Each line from the top of the listing down to and including the line with "프로미스는 비동기적 과업의" must be duplicated exactly; pictures are to be skipped.

## Supplied data

- Opening Delimiter -

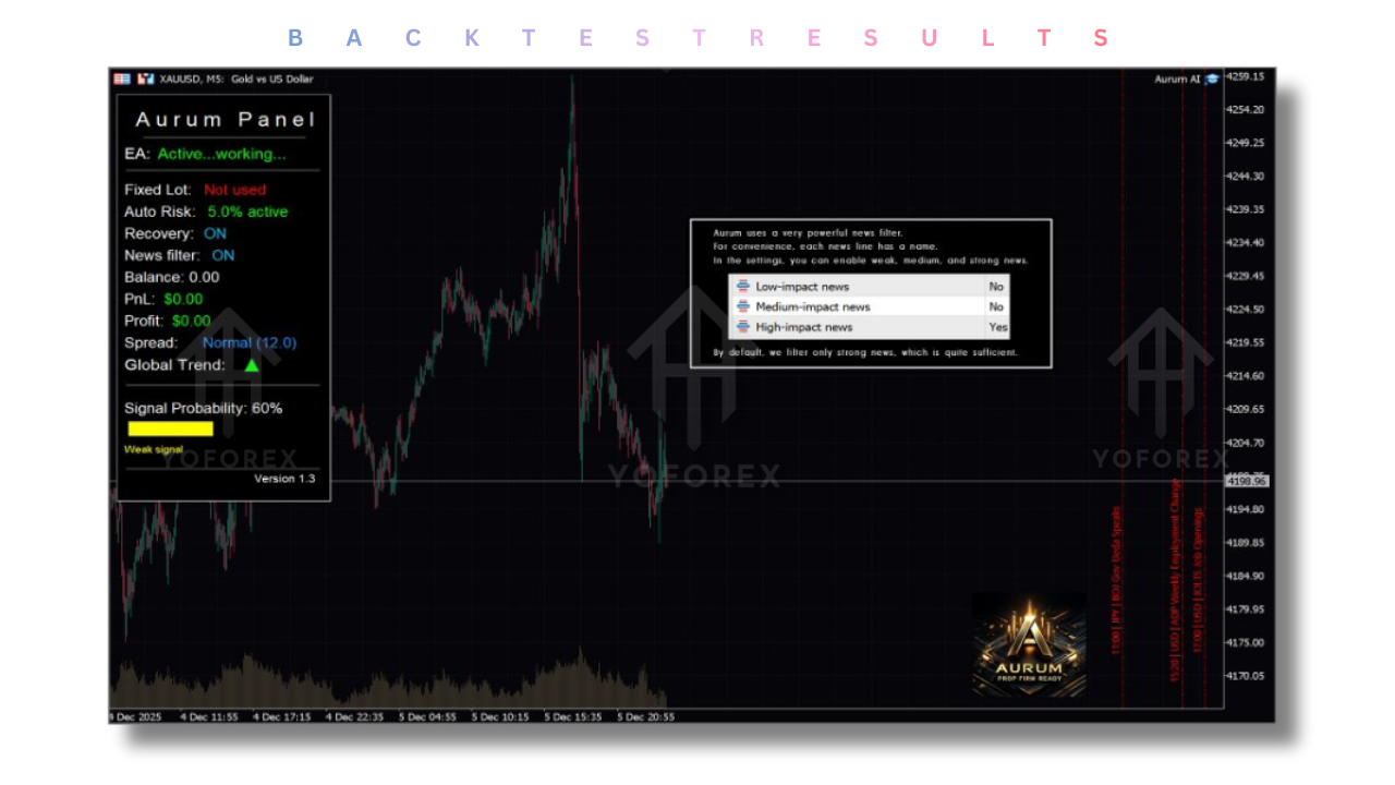 While Aurum AI EA V1.3 promises strong results, it's important to backtest the EA thoroughly before going live. Many traders have reported solid backtest results, with the EA providing stable returns over extended periods. However, results can vary based on market conditions, broker spreads, and timeframes. For best results, traders are advised to run the EA in demo accounts before committing real capital.
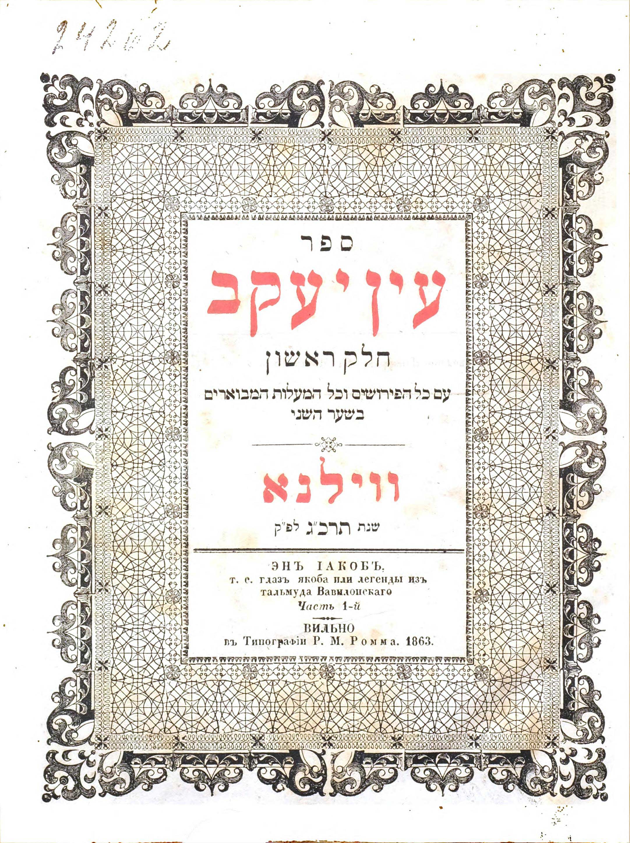 Такая же рамка, малый титульный лист. Эйн Яаков — книга очень важная, потому что в ней были собраны агадические части из всех Талмудов. Это пересказ Талмуда, но не галаха, не религиозные постановления, а то, что связано с душой народа, с агадой, с легендами. Но в данном случае для нас, опять же, важно: это очень хорошо напечатано.
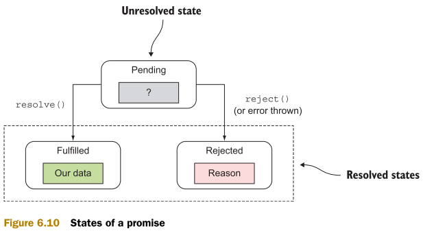 프로미스는 비동기적 과업의 결과를 위한 플레이스홀더이다. 프로미스는 아직 갖고 있지 않으나 앞으로 가질 것으로 예상되는 값을 나타낸다. 프로미스는 아래 그림에 나와 있듯 몇 가지 단계를 거쳐 작동한다.
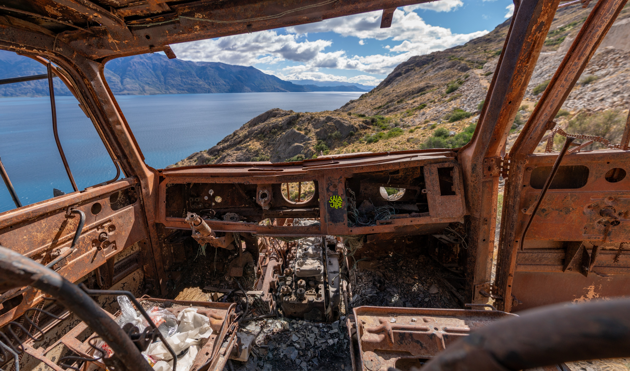 Neuer Tag, neues Glück. Heute in der Früh duscht Eva noch, sie duscht wesentlich kürzer, doch am Ende kommt auch wieder etwas Wasser aus dem Überlauf. Nach dem Frühstück erledige ich mein morgendliches Geschäft am Klo und bete, dass die Menge der Klospülung nicht den Überlauf überschreitet. Bange Sekunden… doch meine Hoffnung wird nicht erfüllt. Es geht sich nicht aus. Mein im Wasser zerstäubter Kot kommt aus dem Boden und verteilt sich über einen Quadratmeter im Bad. Großartig. Mit zwei Fetzen putze ich die Sauerei weg. Toller Tagesbeginn. Nachdem wir so spät ins Bett sind wir heute erst um 07:00 auf und bis wir wieder startbereit sind ist es 08:30. Die Vermieterin kommt und übernimmt die Wohnung und wir steuern die Tankstelle im Ort an. Wir füllen den Tank wieder randvoll und ergänzen auch die fehlenden Liter im Benzinkanister, die wir am Vortag den Motorradfahrern überlassen haben. Weiter geht es an die chilenische Grenze, denn wir werden den nächsten Teil unserer Reise wieder in Chile absolvieren. Nach etwa 45 min Fahrt erreichen wir den Argentinischen Posten, wo wir uns abmelden und beim Zoll die Autopapiere durchgesehen werden. Die Grenze in diesem Gebiet ist übrigens großteils unklar, beide Länder beanspruchen Teile der Anden und so hat auch der See, neben dem wir fahren einen chilenischen und einen argentinischen Namen, da beide Länder behaupten, dass der See zu ihrem Land gehört. Auf der Karte fehlen auch ganze Abschnitte in den Bergen, wo keine Linien gezogen sind. Nach ein paar Kilometern im Niemandsland erreichen wir die chilenische Kontrollstation. Vor der Kontrolle wird überall gewarnt. Keine frischen pflanzlichen und tierischen Produkte dürfen importiert werden. Saftige Strafen drohen bei Verstößen. Wir parken vor dem Grenzübergang und gehen in das Gebäude. Zuerst werden wieder unsere Pässe geprüft und die Einreise vermerkt. Dann müssen wir uns beim Zoll anstellen, dort wird das Auto und Versicherung überprüft und zuletzt folgt eine genauere Zoll und phytosensitive Kontrolle. Hierfür müssen wir, nachdem wir eine Deklaration digital auf Tablets unterzeichnet haben, mit dem Auto vorfahren und alles ausladen. Alle Koffer und Rücksäcke müssen wir in das Gebäude bringen und diese werden durchleuchtet. Das Auto inkl. Motorraum wird durchgechecked und von unseren Essensvorräten, die wir wohlwissend schon versucht haben so gut es geht zu reduzieren müssen wir eine Packung getrocknete Spalterbsen und Bohnen dortlassen. Löskaffee, Haferflocken, Konserven und ähnliches sind kein Problem. Frisches Obst und Gemüse hatten wir keines mehr dabei. In Summe haben wir zwar einiges an Zeit verloren, doch man muss den Beamten zu Gute halten, dass sie durchaus trotzdem freundlich waren. Alles geht gut und etwas erleichtert setzen wir unsere Fahrt fort.

- Closing Delimiter -

## Answer to the problem
 While Aurum AI EA V1.3 promises strong results, it's important to backtest the EA thoroughly before going live. Many traders have reported solid backtest results, with the EA providing stable returns over extended periods. However, results can vary based on market conditions, broker spreads, and timeframes. For best results, traders are advised to run the EA in demo accounts before committing real capital.
 Такая же рамка, малый титульный лист. Эйн Яаков — книга очень важная, потому что в ней были собраны агадические части из всех Талмудов. Это пересказ Талмуда, но не галаха, не религиозные постановления, а то, что связано с душой народа, с агадой, с легендами. Но в данном случае для нас, опять же, важно: это очень хорошо напечатано.
 프로미스는 비동기적 과업의 결과를 위한 플레이스홀더이다. 프로미스는 아직 갖고 있지 않으나 앞으로 가질 것으로 예상되는 값을 나타낸다. 프로미스는 아래 그림에 나와 있듯 몇 가지 단계를 거쳐 작동한다.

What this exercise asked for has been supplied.